Herr Becker looked suspiciously at his favourite pupil's tell-tale face and air of extreme confusion; and, throughout the lesson, his manner to her was so cold and short that Ephie played worse than ever before. After sticking fast in the middle of a passage, she stopped altogether, and begged to be allowed to go home. When she had gone, and some one else was playing, Herr Becker stood at the window and shook his head: round this innocent baby face he had woven several pretty fancies.

Meanwhile Ephie flew rather than walked home, and having reached her room unseen, flung herself on the bed, and buried her burning cheeks in the white coolness of the pillows. Johanna, finding her thus, a short time after, was alarmed, put questions of various kinds, felt sure the sun had been too hot for her, and finally stood over the bed, holding her unfailing remedy, a soothing powder for the nerves.

"Oh, do for goodness' sake, leave me alone, Joan," said Ephie. "I don't want your powders. I am all right. Just let me be."

She drank the mixture, however, and catching sight of Johanna's anxious face, and aware that she had been cross, she threw her arms round her sister, hugged her, and called her a "dear old darling Joan." But there was something in the stormy tenderness of the embrace, in the flushed cheeks and glittering eyes that made Johanna even more uneasy. She insisted upon Ephie lying still and trying to sleep; and, after taking off her shoes for her, and noiselessly drawing down the blinds, she went on tiptoe out of the room.

Ephie burrowed more deeply in her pillow, and putting both hands to her cars, to shut out the world, went over the details of what had happened. It was like a fairy-story. She walked lazily down the sunny corridor, entered the class-room, and took off her hat, which Herr Becker hung up for her, after having playfully examined it. She had just taken her violin from its case, when he remembered something he had to do in the BUREAU, and went out of the room, bidding her practise her scales during his absence; she heard again and smiled at the funny accent with which he said: "Just a moment." She saw the bare walls of the room, the dust that lay white on the lid on the piano, was conscious of the difficulties of C sharp minor. She even knew the very note at which HE had been beside her—without a word of warning, as suddenly as though he had sprung from the earth. She heard the cry she had given, and felt his hands—the hands she had so often admired—clasp her wrists. He was so close to her that she felt his breath, and knew the exact shape of the diamond ring he wore on his little finger. She felt, too, rather than saw the audacious admiration of his eyes; and his voice was not the less caressing because a little thick. And then—then—she burrowed more firmly, held her ears more tightly to, laughed a happy, gurgling laugh that almost choked her: never, as long as she lived, would she forget the feel of his moustache as it scratched her lips!
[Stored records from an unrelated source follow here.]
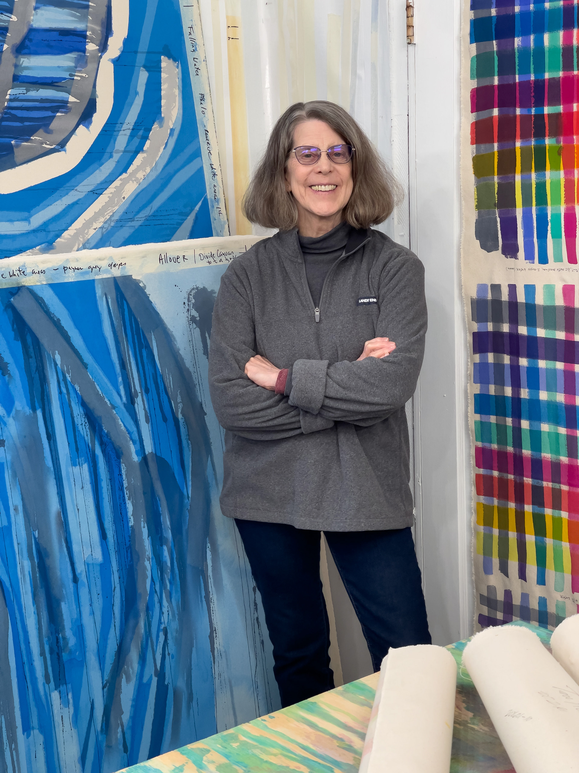 Her current work in painting is strengthened by the skills, techniques, sensibilities and aesthetics developed across a lifetime of working in multiple mediums. Decades of visual language find expression in her painting.
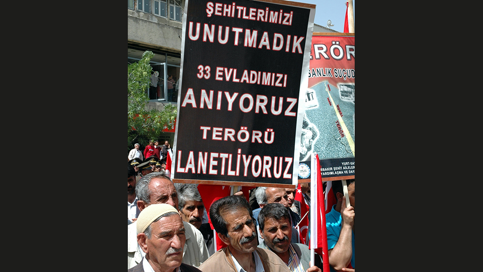 Bingöl-Elazığ kara yolunda 24 Mayıs 1993`te usta birliklerine giderken PKK`lı teröristlerin saldırısında şehit olan sivil kıyafetli ve silahsız 33 er, Bingöl`de düzenlenen törenle anıldı. (Arşiv-24.05.2007)
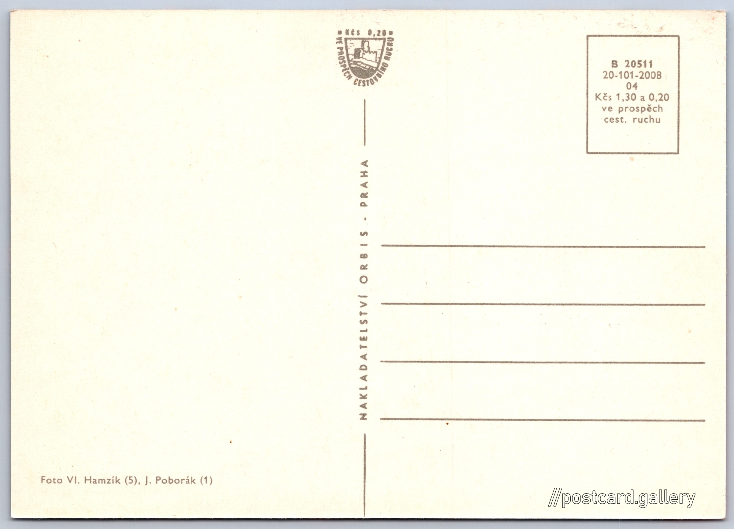 Cena pohlednice: 1,30 Kčs (CSK) (+0,20 Kčs přípl. na tur. ruch)
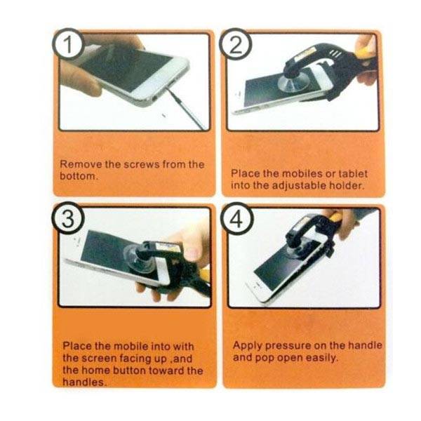 Features: Ergonomically designed handle with slip-resistant textured grip for comfortable hold. Adjustable tablet holder to suit different sizes of tablets and mobiles. Multi-angle PVC suction cup, easier to take apart every gadget you want. With two screen protectors to protect your phone from scratching during the disassembling.

When she rose and looked at herself in the glass, it seemed extraordinary that there should be no outward difference in her; and for several days she did not lose this sensation of being mysteriously changed. She was quieter than usual, and her movements were a little languid, but a kind of subdued radiance peeped through and shone in her eyes. She waited confidently for something to happen: she did not herself know what it would be, but, after the miracle that had occurred, it was beyond belief that things could jog on in their old familiar course; and so she waited and expected—at every letter the postman brought, each time the door-bell rang, whenever she went into the street.